Es wird wieder kalt

Eine Geschichte zum Ende des Herbstes – Der Winter der Gärtnerin und die Einstellung zum Leben

„Es wird wieder kalt“, sagte die alte Gärtnerin. „Man sollte sich darauf einrichten.“
„Du meinst, der Winter kommt?“, fragte ihre Nachbarin.
Die Gärtnerin nickte. „Frost soll es geben und aus Regen wird Schnee.“
„So früh?“ Die Nachbarin seufzte. „Auf Kälte bin ich noch gar nicht eingestellt. Aber das ist man ja nie. Mit beiden Händen möchte ich es festhalten, dieses milde Herbstwetter. Ich mag nicht darüber nachdenken, wie ich meine freie Zeit künftig wieder verbringen soll. Dieser Wechsel vom Garten in die Heizungsluft der Wohnung fällt mir am schwersten in dieser Jahreszeit. Nein, ich mag sie nicht, diese Zeit.“
Erschöpft von der ungewohnt langen Rede holte die sonst so schweigsame Frau tief Luft, bevor sie weiter redete. „Sie macht mich traurig, ja, krank fast.“
Die Gärtnerin nickte. „Ich fühle ähnlich, bedeutet der Garten doch mein Leben. Deshalb werde ich mich auch im Winter nicht so sehr von ihm entfernen.“
„Wie soll das funktionieren?“
Die Gärtnerin lachte. „Ganz einfach. Man darf dem inneren Schweinehund, der uns einreden will, es sei zu kalt und unwirtlich, ins Freie zu gehen, nicht nachgeben. Eine Stunde mindestens bin ich daher auch im Winter im Garten zugange. Glaub mir, es gibt immer etwas zu tun.“
„Auch bei Frost und Schnee?“
„Da besonders. Zum Aufräumen findet sich immer etwas. Man muss nach dem Rechten sehen, ob auch alle Pflanzen gut geschützt sind. Ich spreche auch mit ihnen und gemeinsam träumen wir von besseren Zeiten und vom Neuanfang. Und dann sehe ich all das Bunt des Frühlings und Sommers, ich rieche die Düfte der Blüten und Früchte, und ich lausche den Unterhaltungen der Tiere.“
Verträumt blickte die Gärtnerin über die ordentlich aufgeräumten Beete in ihrem Garten.

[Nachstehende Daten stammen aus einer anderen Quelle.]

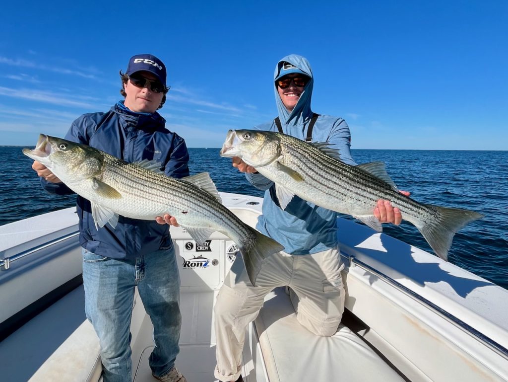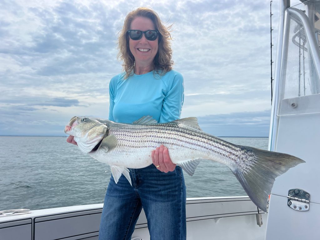 Captain Elena Rice of Reel Deal Fishing Charters in Truro reported: “This week if any was a true testament to the rule that success comes to those who adapt to change…and adapt quickly. While the week started with “easy” fishing close to shore on live bait and vertical jigs, the steep drop in water temperature disrupted this pattern and sent the Reel Deal fleet on some long hauls to keep our clients on the fish. As Captain Bobby says, he “ran the gauntlet” to find the fish and kept our boats busy with tight lines! Still some topwater activity to be had at sunrise and we look forward to seeing what these stronger SW winds will bring us for the upcoming weekend. Check out our availability here to catch your bucket list striped bass!”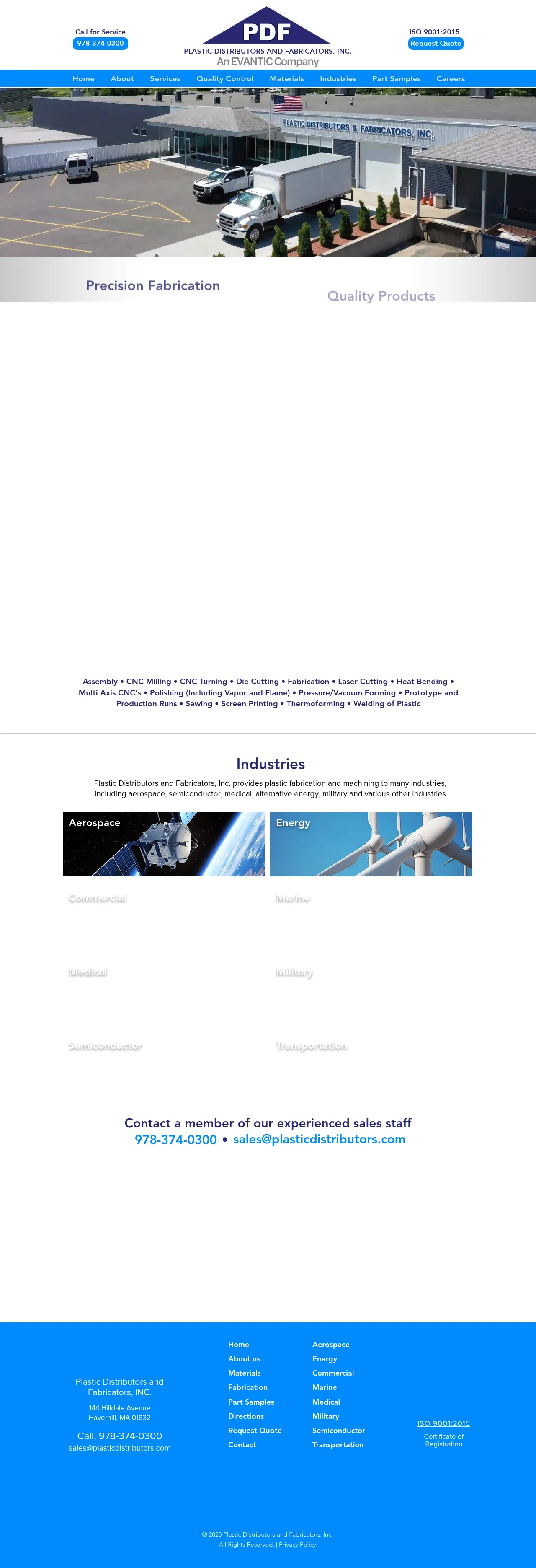 Established in 1974, Plastic Distributors and Fabricators, Inc. specializes in high-precision plastic fabrication and machining services. The company serves a diverse range of sectors, including the aerospace, medical, semiconductor, military, and alternative energy industries. Their technical capabilities include CNC milling, CNC turning, thermoforming, 3D printing, and die cutting. With a dedicated quality assurance team and state-of-the-art inspection equipment, the firm maintains strict compliance with ISO 9001:2015 standards. They are committed to delivering custom components manufactured to precise specifications for international clients.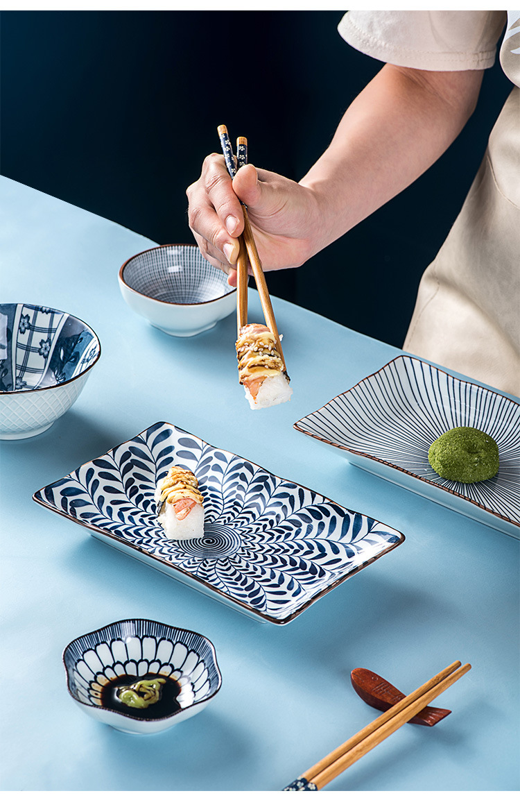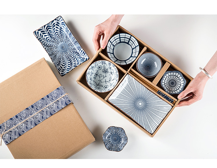 Color: Japanese case 6 bowls 6 plates random pattern,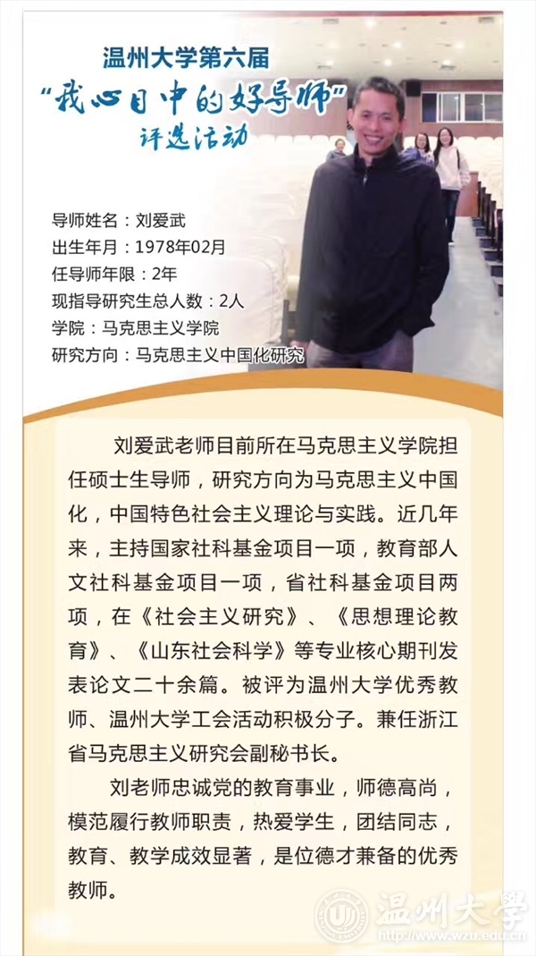 十大体育博彩排行榜 刘爱武老师荣获温州大学第六届“我心目中的好导师” 荣誉称号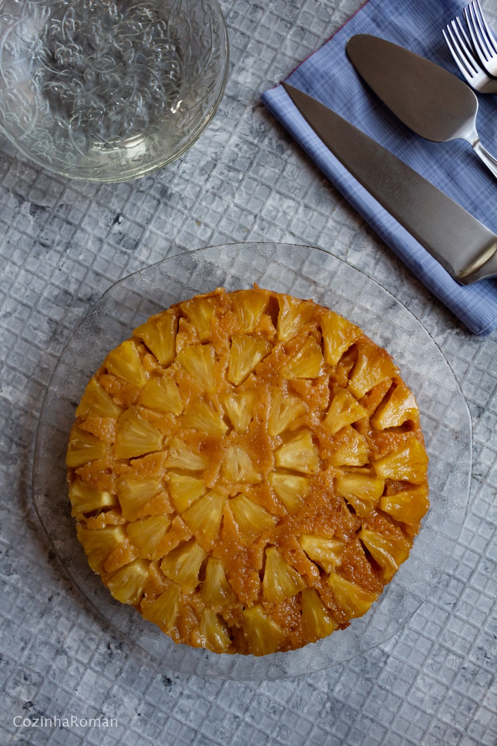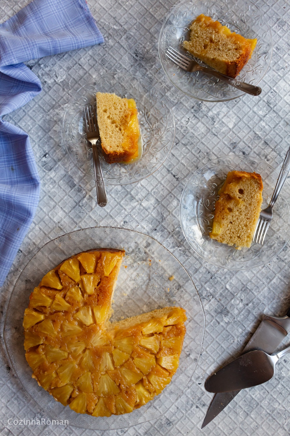 Bolo invertido de abacaxi, daqueles que revelam uma bonita surpresa quando desenformados, que dão medo na hora de fazer e que ficam uma delícia depois de prontos…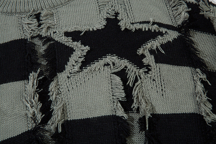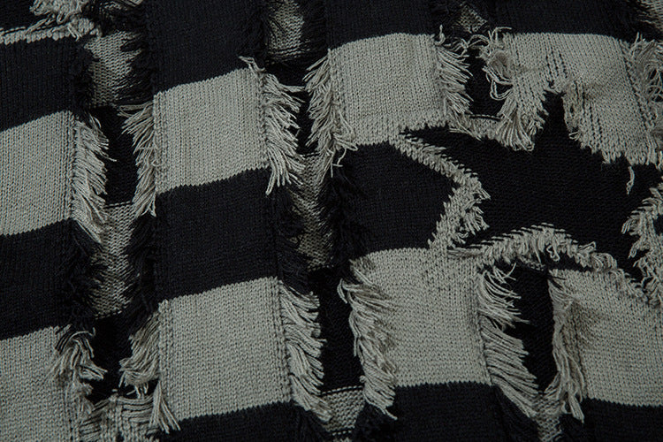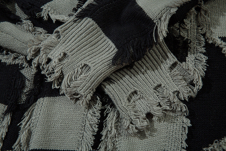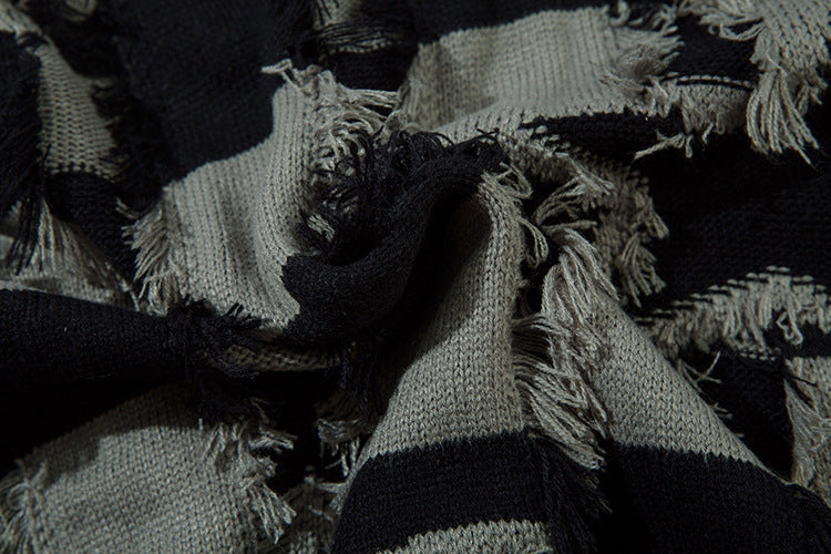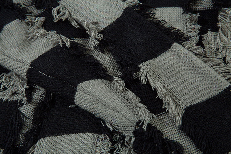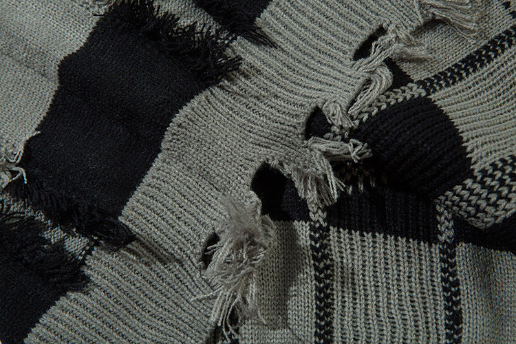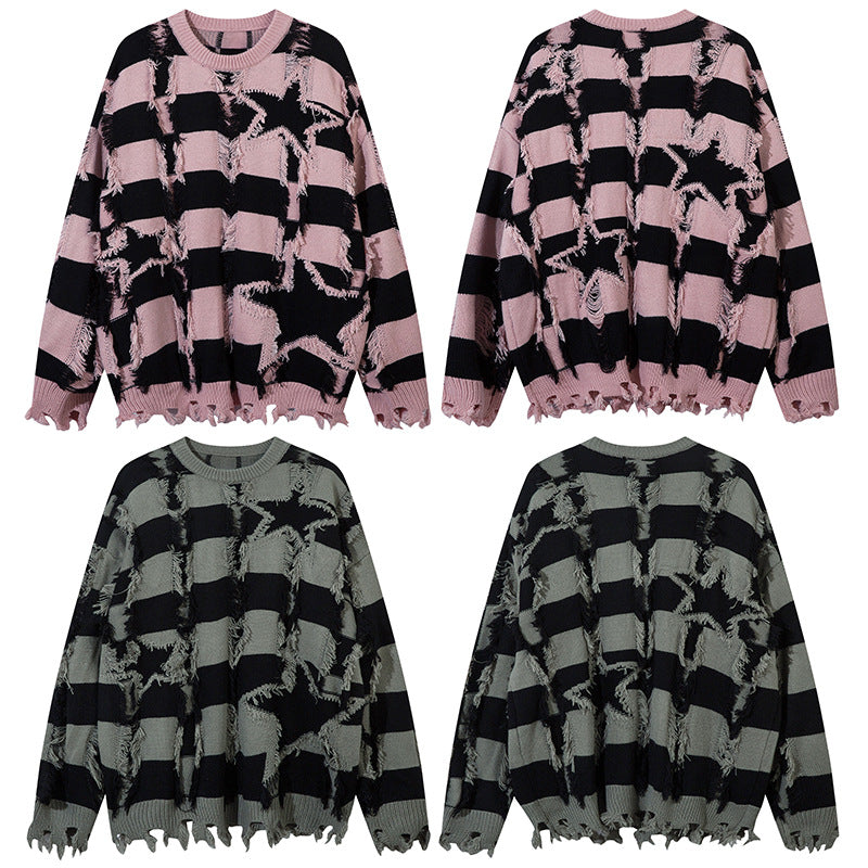 Damage Hem Colorblock Striped Knit Sweater WN11454

„So lässt sich in der Tat der Winter ertragen.“ Ihre Nachbarin lächelte. „Ich wusste es doch! Du bist eine Träumerein, nein, eine Fee. Eine verzauberte Fee, der der Lauf der Zeit nichts anzuhaben vermag. Oh, ich beneide dich um deine Gabe!“
„Gabe?“ Die alte Gärtnerin blickte auf. „Träumen kann jeder. Auch du. Warte! Ich gebe dir Schützenhilfe.“
Sie stapfte zu ihrem kleinen Gewächshaus hinüber und kam nach wenigen Minuten mit einem Marmeladenglas voller Kräuter zurück.

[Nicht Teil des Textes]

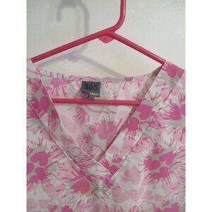 Pink Heart Pattern Womens Scrub Top Large Work& Wear Valentine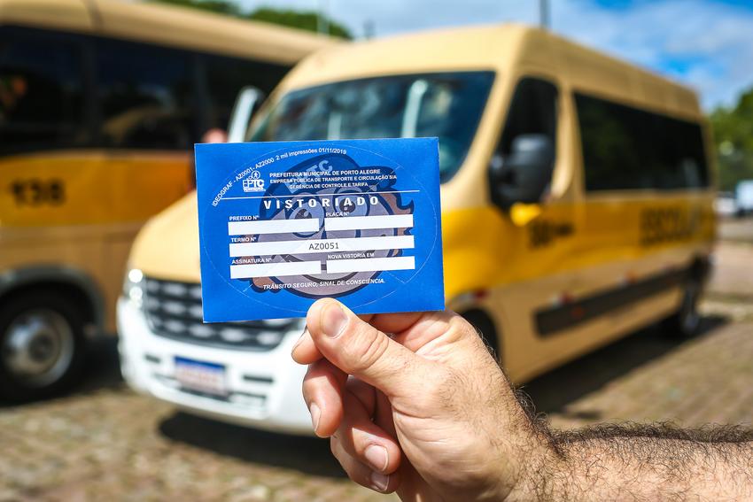 Quem for autorizado tem um selo de vistoria afixado junto ao para-brisa, que indica a situação do veículo: vermelho significa reprovação (veículo não pode operar); amarelo significa aprovação provisória (pode operar até a data informada no selo) e azul significa aprovação (veículo apto a operar até a próxima vistoria), ou seja, está em condições de transportar os alunos.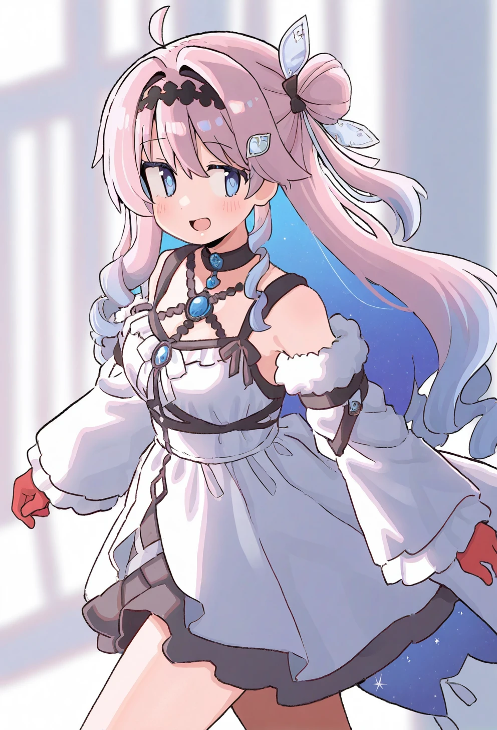 denia, 1girl, solo, multicolored hair, pink hair, blue hair, gradient hair, colored inner hair, long hair, drill hair, single side bun, one side up, ahoge, blue eyes, black hairband, hair ornament, white dress, black choker, red gloves, jewelry, black footwear, high heels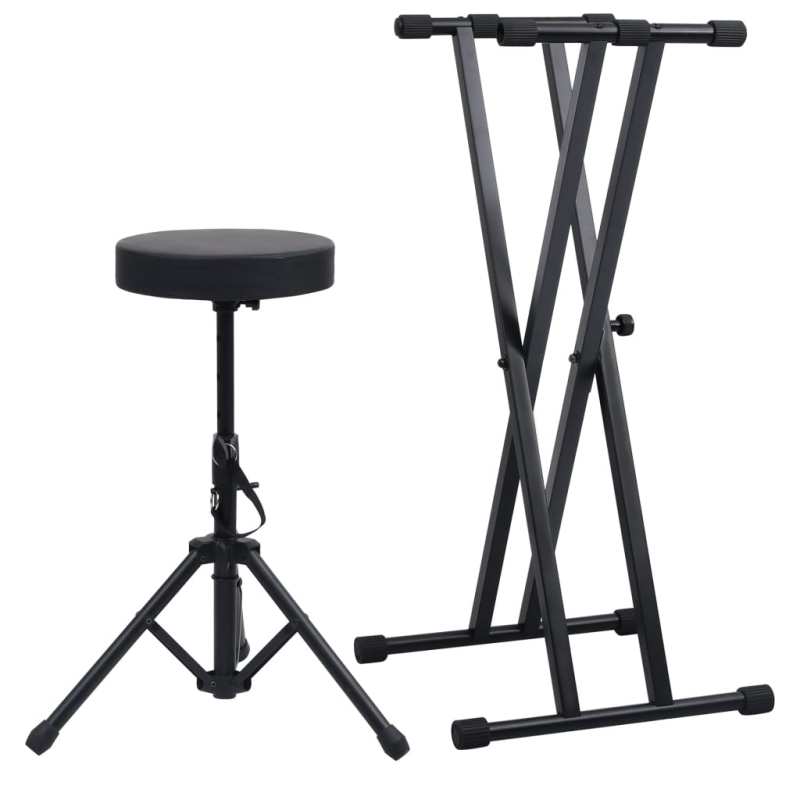 Description: This adjustable keyboard stand and stool is the ideal companion for your keyboard performances and practice. The keyboard stand is made of robust steel, making it very durable and stable. The padded, round stool offers ultimate comfort while playing. With multiple adjustable working heights, both the stand and stool can be easily adjusted to the desired height for players of different statures. Thanks to their foldable design, the stand and stool are easy to transport and store when traveling. Delivery includes one stand and one stool. Properties:

„Ein Mutmachtee für dich gegen die Wintertraurigkeit. Alles Kräuter aus diesem Garten mit den Träumen des Sommers. Probiere es aus!“ Sie grinste. „Ich wette, wir werden uns nun auch im Winter hier draußen öfter begegnen.“
„Das wäre fein. Aber auch bei Schnee und Frost und Eis?“
„Auch dann.“
„Und wenn es regnet?“
„Dann?“ Die alte Gärtnerin lachte. „Dann findest du mich im ,Café Meyerling bei einer heißen Schokolade mit einer extra großen Portion Schlagsahne und einem Apfelkuchen. Oder im Postwirt vor einer Schüssel Hirschgulasch mit Klößen und Rotkohl. Auch Feen haben hungrige Mägen, und was gibt es Tröstenderes an nassen kalten Tagen als ein warmes, liebevoll zubereitetes Mahl? Dabei lässt sich träumen und all die Geschichten erzählen, die uns die warmen Tage im Garten geschenkt haben.